What does the term “bad faith” mean in an insurance dispute?

In the context of insurance law in Washington, the term “bad faith” refers to the unfair or deceptive tactics used by insurance companies during the dispute process. Bad faith tactics can include failing to properly investigate a claim, attempting to deny or delay payment of a claim without good cause, and/or using any means of harassment or coercion when dealing with a claimant. When an insurance company engages in bad faith behavior, the insured (the person making the claim) may be able to recover damages from the insurer. The concept of bad faith is rooted in the fiduciary duty of an insurer to act in the best interest of its insureds. Under this duty, insurance companies are required to act in good faith when dealing with a claim. This means they must thoroughly investigate the claim and be honest, transparent, and fair when communicating with the claimant.

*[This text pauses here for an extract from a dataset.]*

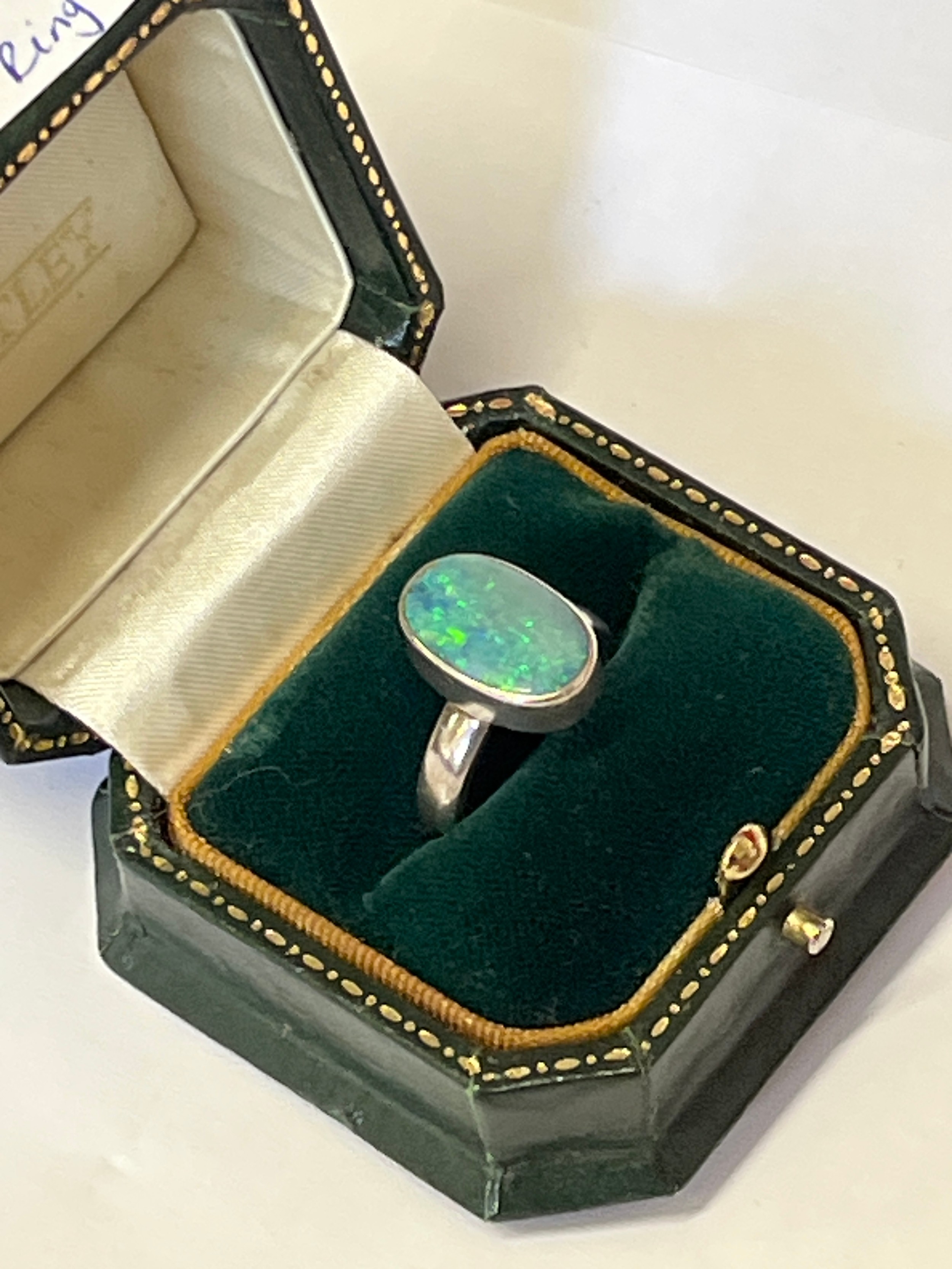 Silver and Opal ring marked 925 size N

If they fail to meet these high standards, they may be liable for bad faith. Bad faith claims can be difficult to prove, however. To win a bad faith dispute the claimant must be able to demonstrate that the insurer acted unreasonably and without good cause. The claimant may also need to show that the insurer had knowledge of the facts in the case, but still engaged in bad faith practices. If successful in a bad faith action, the claimant may be able to recover damages such as emotional distress, attorney fees, and punitive damages.